■ **What you need to do**:
The material below should be copied line for line, please, with pictures omitted.
══ Source material ══
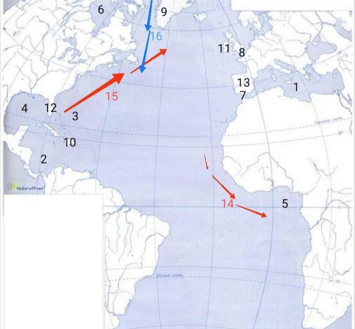 Практична робота №12. Позначення на контурній карті географічних об'єктів та течій Атлантичного океану. ПОЗНАЧИТИ НА КОНТУРНІЙ КАРТІ МОРЯ,ЗАТОКИ,ПРОТОКИ,ОСТРОВИ,ПІВОСТРОВИ,ТЕЧІЇ.
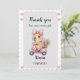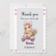 Editable baby shower thank you card featuring a cute capybara riding a pink scooter. Personalize with name and date for a sweet baby girl celebration.
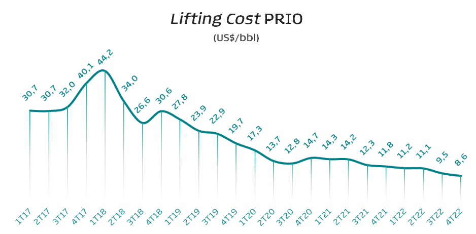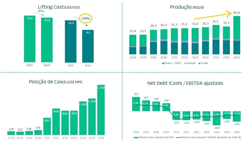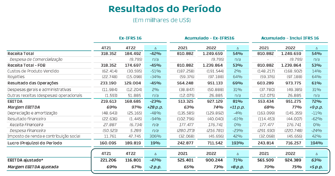 Tudo certo. Apesar da perfuração de 2 novos poços produtores em Frade em 2022, incrementando a produção em +47% no 4T22, as vendas menores no 4T fizeram com que a companhia tivesse uma queda pontual no trimestre da receita.
═══
■ **Exercise answer**:
 Практична робота №12. Позначення на контурній карті географічних об'єктів та течій Атлантичного океану. ПОЗНАЧИТИ НА КОНТУРНІЙ КАРТІ МОРЯ,ЗАТОКИ,ПРОТОКИ,ОСТРОВИ,ПІВОСТРОВИ,ТЕЧІЇ.
 Editable baby shower thank you card featuring a cute capybara riding a pink scooter. Personalize with name and date for a sweet baby girl celebration.
 Tudo certo. Apesar da perfuração de 2 novos poços produtores em Frade em 2022, incrementando a produção em +47% no 4T22, as vendas menores no 4T fizeram com que a companhia tivesse uma queda pontual no trimestre da receita.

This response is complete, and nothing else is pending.